We are attempting to calculate then $Pr(A\cap B)$
$Pr(A\cap B)=1-Pr((A\cap B)^c)=1-Pr(A^c\cup B^c) = 1-Pr(A^c)-Pr(B^c)+Pr(A^c\cap B^c)$
We calculate each term on the right now that they are in simpler form.
$Pr(A^c)$ refers to the probability of strictly fewer than two $1$'s occurring, i.e. at most one $1$ occurring. Either exactly one $1$ occurs or no $1$'s occur. In the case of exactly one $1$, pick its location and then pick each remaining digit for a total of $6\cdot 5^5$ possibilities. In the case of no $1$'s, pick each digit for a total of $5^6$ possibilities. Taking the ratio of this compared to the $6^6$ equally likely dice rolls, we calculate $Pr(A^c)=\frac{6\cdot 5^5+5^6}{6^6}$.
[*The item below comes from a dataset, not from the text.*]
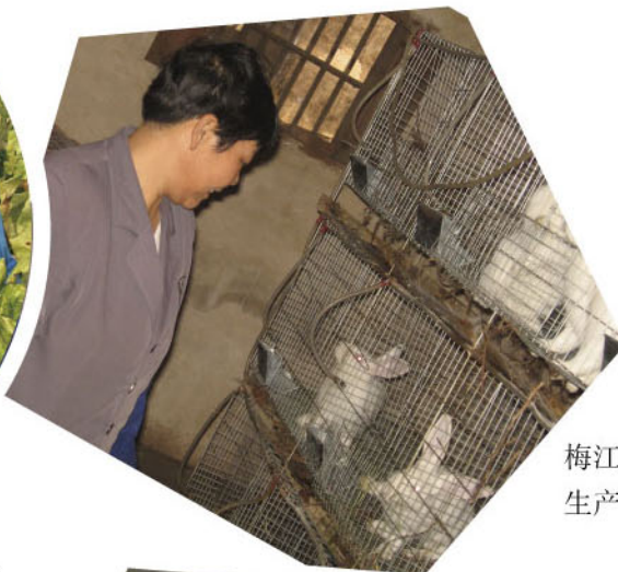
梅江区受助贫困母亲利用 生产资金发展养兔业
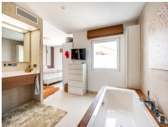
Baño en suite fantástico

Toda la información como mejor se puede saber, salvo por error durante el periodo de venta. Sirva este documento como un informe previo, las bases legales solo serán válidas a través de un contrato de compra acordado ante Notario.

$Pr(B^c)$ refers to the probability of strictly fewer than one $2$ occurring, i.e. no $2$'s. This occurs with probability $Pr(B^c)=\frac{5^6}{6^6}$
$Pr(A^c\cap B^c)$ refers now to the probability of at most one $1$ and no $2$'s, which similarly to before we break into cases for either exactly one $1$ or no $1$'s. For exactly one $1$, first pick the location, then pick each remaining digit for $6\cdot 4^5$ possibilities and for no $1$'s pick each digit for $4^6$ possibilities for a probability of $Pr(A^c\cap B^c)=\frac{6\cdot 4^5+4^6}{6^6}$
This gives a final probability of:
$$Pr(A\cap B) = 1-\frac{6\cdot 5^5+5^6}{6^6}-\frac{5^6}{6^6}+\frac{6\cdot 4^5+4^6}{6^6}$$
$$=1-\frac{39760}{46656} = \frac{431}{2916}\approx 0.147805$$
You can consider the possibility to find probability directly without inclusion-exclusion principle. This is a longer way, but there are those who like it. Consider all possibilities to roll at least two ones and at least one two with six 6-sided die. We can have exactly two $1$ and one $2$. Denote this event by $A_{21}$. Or we can have exactly two $1$ and two $2$: event $A_{22}$. There are $10$ disjoint events total: $A_{21}$, $A_{22}$, $A_{23}$, $A_{24}$, $A_{31}$, $A_{32}$, $A_{33}$, $A_{41}$, $A_{42}$, $A_{51}$.
Find and then add their probabilities. The probability of $A_{21}$ is $$ \mathbb P(A_{21})=\frac{\binom{6}{2}\binom{6-2}{1}4^{6-2-1}}{6^6}=\frac{15\cdot 4\cdot 4^3}{6^6}. $$ By first multiplier $\binom{6}{2}=15$ we choose the rolls which result in $1$, next multiplier $\binom{6-2}{1}=4$ we choose the roll among the rest which results in $2$, and the last multiplier $4^3$ is number of possible outcomes in the rest $6-2-1=3$ rolls.
Similar, $$\mathbb P(A_{22})=\frac{\binom{6}{2}\binom{4}{2}4^{2}}{6^6}=\frac{15\cdot 6\cdot 16}{6^6},$$ $$\mathbb P(A_{23})=\frac{15\cdot 4\cdot 4}{6^6},\quad \mathbb P(A_{24})=\frac{15}{6^6},\quad \mathbb P(A_{31})=\frac{20\cdot 3\cdot 16}{6^6},$$ $$\mathbb P(A_{32})=\frac{20\cdot 3\cdot 4}{6^6}, \quad \mathbb P(A_{33})=\frac{20}{6^6}, \quad \mathbb P(A_{41})=\frac{15\cdot 2\cdot 4}{6^6},$$ $$\mathbb P(A_{42})=\frac{15}{6^6}, \quad \mathbb P(A_{51})=\frac{6}{6^6}.$$ The total probability of rolling at least two ones and at least one two with six 6-sided die is equal to the sum of probabilities above: $$ \frac{6896}{6^6}=0,147805213. $$
As I understood your question, you are asking about probability that between $6$ values will be at least two $1$'s and one $2$ (don't looking at other values and order).
Well, so the probability of $(1,1,2,x,x,x)$ (excluding order and remarking that there may be other $1$'s and $2$'s between $x$'s) is exactly the number of sets of six digits from $1$ to $6$ that start with $1,1,2$ divided by total number of sets of six digits from $1$ to $6$. There are as many (disordered) sets of six digits from $1$ to $6$ that start with $1,1,2$ as just (disordered) sets of three digits from $1$ to $6$.
Thus the answer is $P = \frac{(3^3)/3!}{(6^6)/6!} = \frac{5}{72}$.